Four IU Bloomington faculty receive inaugural fellowships to teach classes in service-learning
May 11, 2000
BLOOMINGTON, Ind. -- Four professors at Indiana University Bloomington have been awarded the inaugural Chancellor's Service-Learning Fellowships, and will use their awards to teach college courses that involve partnering with community-based organizations in Monroe and Owen counties.
The Chancellor's Service-Learning Fellowships are funded through a grant from the USA Group, the nation's largest student loan guarantor and administrator. The projects must connect faculty professional life to the communities in which they live. It is a new program.

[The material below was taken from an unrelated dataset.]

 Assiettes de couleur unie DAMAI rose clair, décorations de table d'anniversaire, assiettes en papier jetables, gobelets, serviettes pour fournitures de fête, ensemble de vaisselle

Recipients must teach a service-learning course within the grant year, perform professional service with a partner community organization, and create a presentation, workshop or document to share with the rest of the campus and community. Professors may receive up to $4,000 through the program. The Office of Community Partnerships in Service-Learning helped to create the fellowship program.
Receiving the fellowships are:
• Laurel Cornell, IU associate professor of sociology and gender studies, who will teach the course "Sociology 101: Envisioning the City," in partnership with Bloomington Restorations Inc. Students will learn visual methods for identifying and solving urban problems and will identify historic houses suitable for renovation as affordable housing. Using the Prospect Hill area of Bloomington as the site of their investigations, students will research the factors used in designating a neighborhood as historic, how properties are classified as "rundown," which persons need affordable housing, and what political and economic factors make BRI projects possible.

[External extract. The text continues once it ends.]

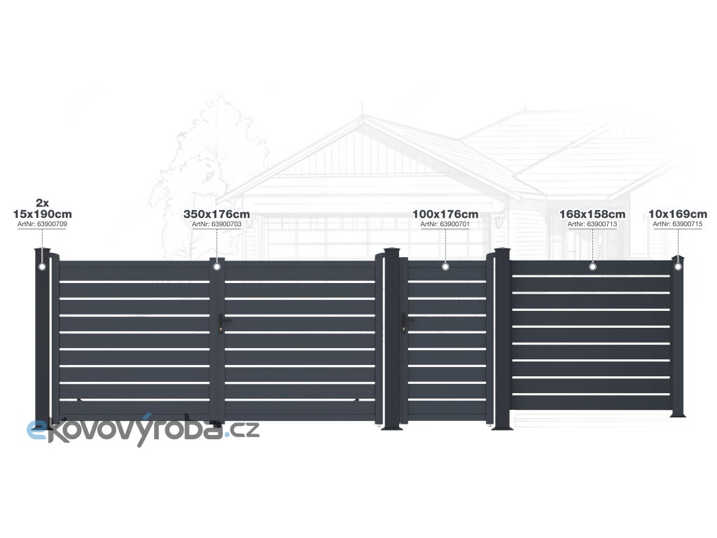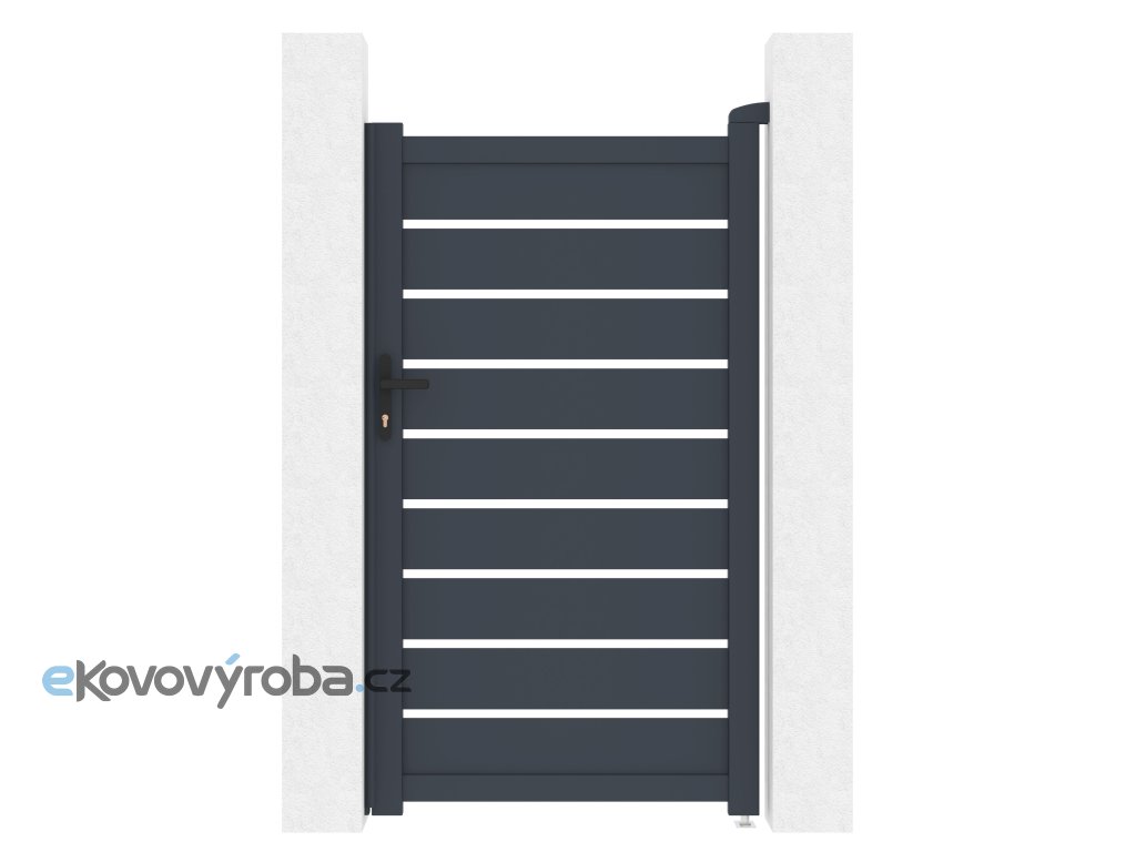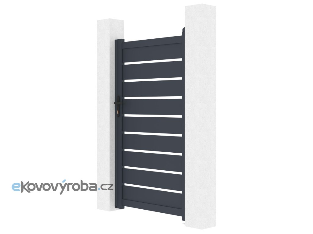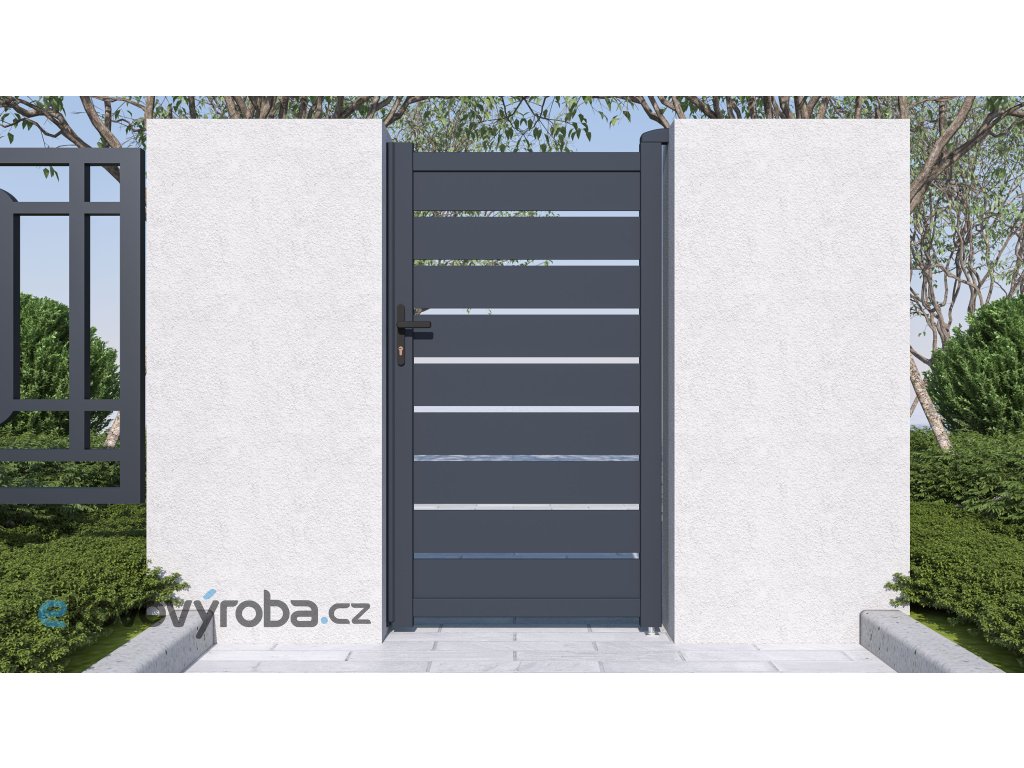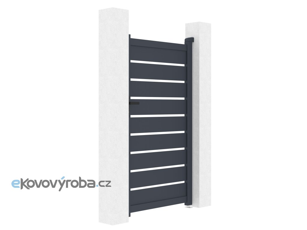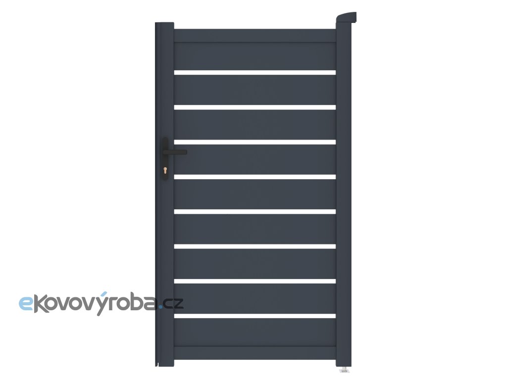 Výplň s horizontálně uloženými lamelami v atraktivním grafitovém provedení kombinuje dostatek soukromí s moderním designem, takže branka s otevíráním dovnitř bude slušet každému typu oplocené stavby.

• Edmund McGarrell, chairperson and associate professor of criminal justice, who will teach "P411: Criminal Justice Management," in partnership with the Bloomington Juvenile Correctional Facility (BJCF) and the Indiana State Police. Students will either mentor a youth in residence at BJCF to help them develop a plan for transition back into the community or support Indiana State Police officials' efforts to build relationships with the community by surveying the community and planning a seminar for officers.

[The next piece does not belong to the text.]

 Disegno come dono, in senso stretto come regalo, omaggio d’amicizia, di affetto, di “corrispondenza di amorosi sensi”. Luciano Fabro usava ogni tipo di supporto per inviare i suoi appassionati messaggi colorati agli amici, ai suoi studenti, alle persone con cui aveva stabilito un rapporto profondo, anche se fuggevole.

• Whitney Schlegel, assistant professor of physiology and biophysics, who will teach an elective course, "Healing Outreach," in IU's Medical Sciences Program, in partnership with V.I. Paws and Meadowood Health Pavilion. Students will team up with a volunteer from the therapeutic pet program and visit Meadowood residents to observe the connections between the health benefits of animal therapy and traditional medical practices.
• Thomas Tai-Seale, assistant professor of applied health science, who will teach "C501: Health Program Planning," in partnership with the Owen County Health Department. Students will assess individual and community needs for health education, plan effective health education programs, and communicate health education needs in this community chosen by the Indiana State Department of Health.
USA Group, based in Indianapolis, is a nonprofit company and premier provider of education loan services. The company supports other student loan guarantors and services student loan accounts for lenders, and operates one of the nation's largest student loan secondary markets, USA Group Secondary Market Services Inc.